Quantum field theory with dynamical boundary conditions and the Casimir effect: Coherent states

TL;DR

This paper extends the analysis of a bulk-boundary quantum system with dynamical boundary conditions by introducing coherent states and examining their effects on Casimir energy and force, providing new insights into quantum boundary phenomena.

Contribution

It introduces coherent and thermal coherent states into a bulk-boundary quantum system with dynamical boundary conditions, extending previous work on Casimir effects.

Findings

Derived expressions for local polarization and Casimir energy in coherent states

Numerical results for Casimir energy and force in the extended framework

Enhanced understanding of quantum boundary effects with coherent states

Abstract

We have studied in a previous work the quantization of a mixed bulk-boundary system describing the coupled dynamics between a bulk quantum field confined to a spacetime with finite space slice and with timelike boundary, and a boundary observable defined on the boundary. Our bulk system is a quantum field in a spacetime with timelike boundary and a dynamical boundary condition-the boundary observable's equation of motion.

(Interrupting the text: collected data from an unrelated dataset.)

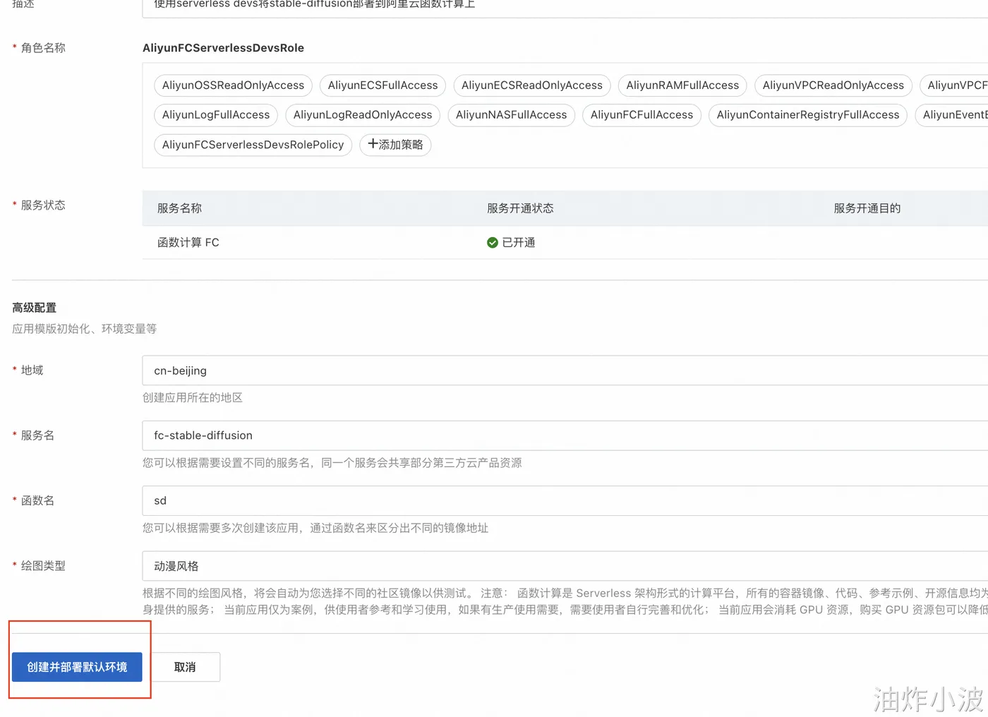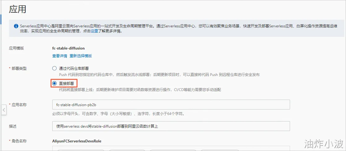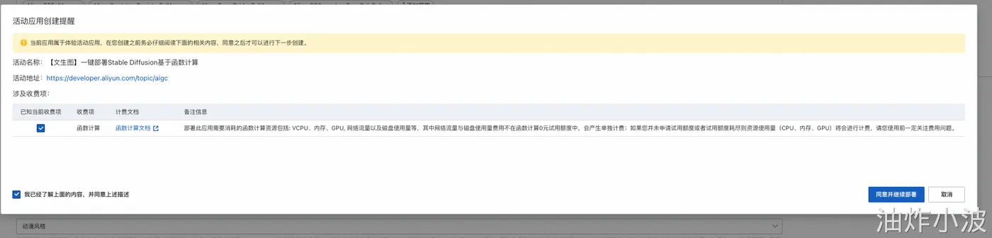 注意:部署应用之后会产生函数计算资源使用费用,计费情况详情请参考计费概述。
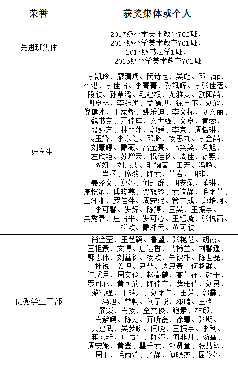 关于2017-2018学年度先进班集体、三好学生、优秀学生干部评选结果的公示 发布时间:2018-11-15 作者: 浏览次数: 根据学校《关于评定2017—2018学年度先进班集体、三好学生、优秀学生干部的通知》的相关文件精神,本着“公平、公正、公开”和优中选优的原则,经各班推荐,院学工办审核,院评审委员会严格评审,最后拟推荐以下班集体为校级先进班集体,以下学生为三好学生、优秀学生干部: 特此公示,公示日期为2018年11月15日—18日.公示期间,接受实名来电来访,过期不予受理。 受理办公室美术楼:213、215、223 受理电话:88235431、88235429 伟德bv1946官网学工办 2018年9月15日
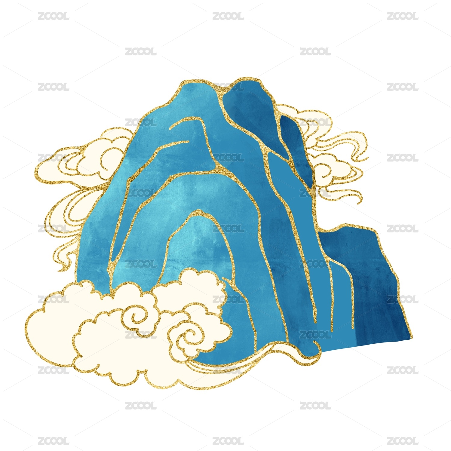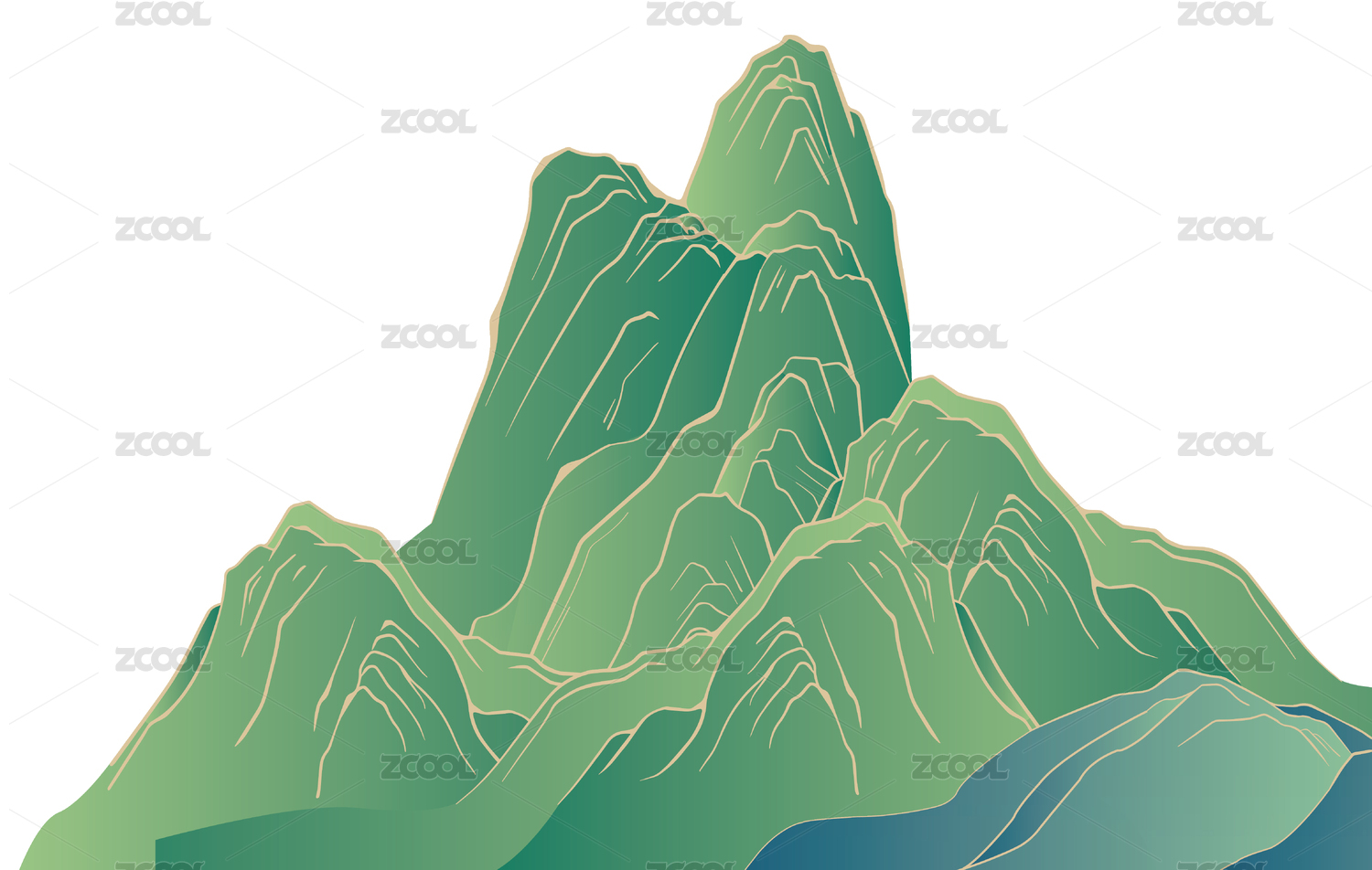 原創(chuàng)青綠山水祥云矢量圖免扣設(shè)計(jì)素材
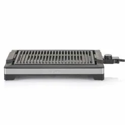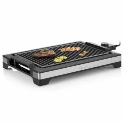 Met een bakoppervlak van 37 x 25 cm is de bakplaat ideaal om snel hamburgers te grillen. Hij heeft een smart ontwerp dat hem erg handig in gebruik maakt. De compacte grill past op elke tafel en is geschikt voor 4 personen. Hij beschikt over een verwijderbaar snoer met een regelbare thermostaat en cool-touch handvatten.
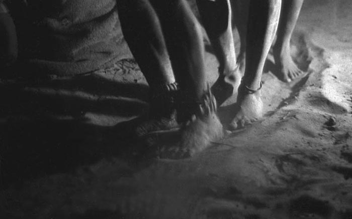 The singing gets louder, the tension increases. The men's feet pound a pattern in the dry sand, stirring clouds of dust. The sound of the rattles tied to their ankles sends echoes into the night.

Owing to important physical motivations, in such previous work we have computed the renormalized local state polarization and local Casimir energy for both the bulk quantum field and the boundary observable in the ground state and in a Gibbs state at finite, positive temperature. In this work, we introduce an appropriate notion of coherent and thermal coherent states for this mixed bulk-boundary system, and extend our previous study of the renormalized local state polarization and local Casimir energy to coherent and thermal coherent states. We also present numerical results for the integrated Casimir energy and for the Casimir force.